### Information provided
------------------------------------------------------------------------
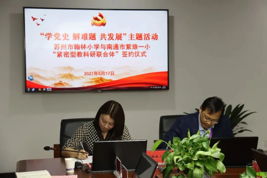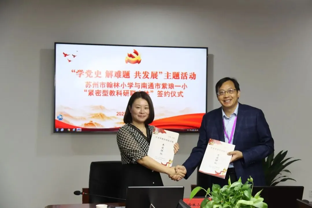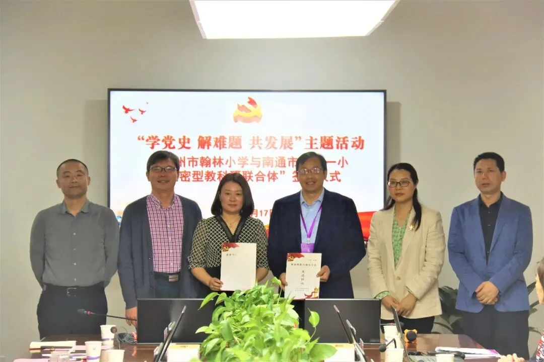学党史,解难题,共发展。为进一步推进党史学习教育和高质量办学,5月17日,苏州市翰林小学和南通市紫琅第一小学签署共建协议,缔结为跨区域“紧密型教科研联合体”。翰林小学校长王晓琳,副校长胡修喜、郭建芬等一行12人,在紫琅一小参加签约仪式暨首次共建活动。
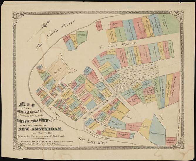 Map of the original grants of village lots from the Dutch West India Company to the inhabitants of New-Amsterdam (now New-York) lying below the present line of Wall Street.
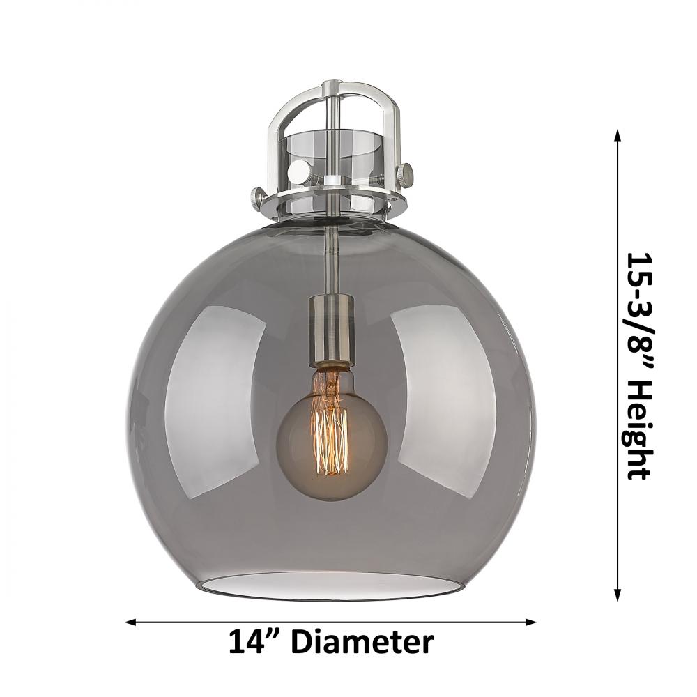 Newton Sphere - 1 Light - 14 inch - Brushed Brass - Light Smoke Shade - Pendant
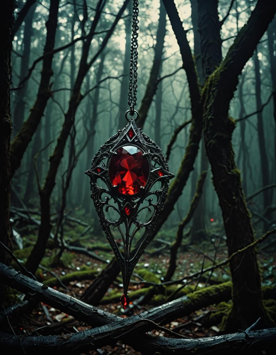 A dramatic, cinematic image of a thin, red jewel called 'The Vampire's Kiss'. The post-processed film still features film grain, vignette, and atmospheric, cinematic lighting.
------------------------------------------------------------------------
### Goal of the exercise
Of all the material above, only the lines from the one that has "Map of the original" down to the one that has "Newton Sphere - 1" are to be written out, exactly and with both ends included. Pictures are skipped.

### Response box
 Map of the original grants of village lots from the Dutch West India Company to the inhabitants of New-Amsterdam (now New-York) lying below the present line of Wall Street.
 Newton Sphere - 1 Light - 14 inch - Brushed Brass - Light Smoke Shade - Pendant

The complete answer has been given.